Statistics Overriding

Gathered values can be overridden by specifying additional parameters in the ANALYZE command. The specified values override gathered one on each node in STATISTICS_LOCAL_DATA, but not in STATISTICS_PARTITION_DATA. Then, overriden values are used by SQL query optimizer.

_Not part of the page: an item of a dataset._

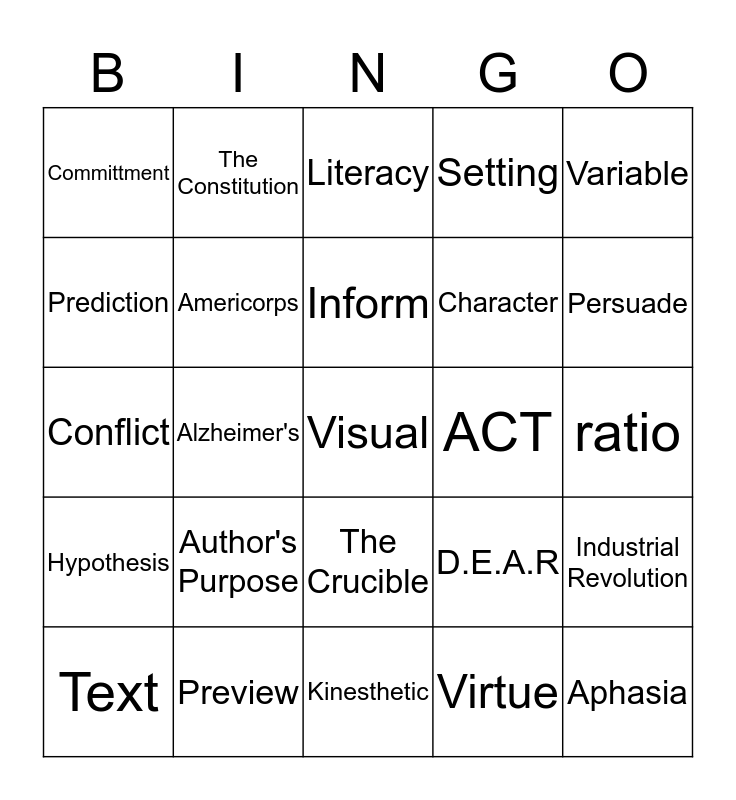 This bingo card has a free space and 24 words: Author's Purpose, Preview, Inform, Text, Variable, Committment, Prediction, The Constitution, ACT, The Crucible, Character, Conflict, D.E.A.R, Industrial Revolution, Americorps, Virtue, ratio, Literacy, Persuade, Alzheimer's, Aphasia, Hypothesis, Setting and Kinesthetic.

Each ANALYZE command overrides all such values for its targets. For example, if there is an already overridden TOTAL value and a need to override DISTINCT value, one should use both parameters in one ANALYZE command. To set different values for different columns, use several ANALYZE commands as follows:

ANALYZE MY_TABLE(COL_A) WITH 'DISTINCT=5,NULLS=6';
ANALYZE MY_TABLE(COL_B) WITH 'DISTINCT=500,NULLS=1000,TOTAL=10000';

Statistics Obsolescence

Each partition has a specialized counter to track the total number of modified (inserted, removed, or updated) rows. If the total number of modified rows is greater than MAX_CHANGED_PARTITION_ROWS_PERCENT, a partition is analyzed again. After that, a node aggregates statistics once again to get new statistics.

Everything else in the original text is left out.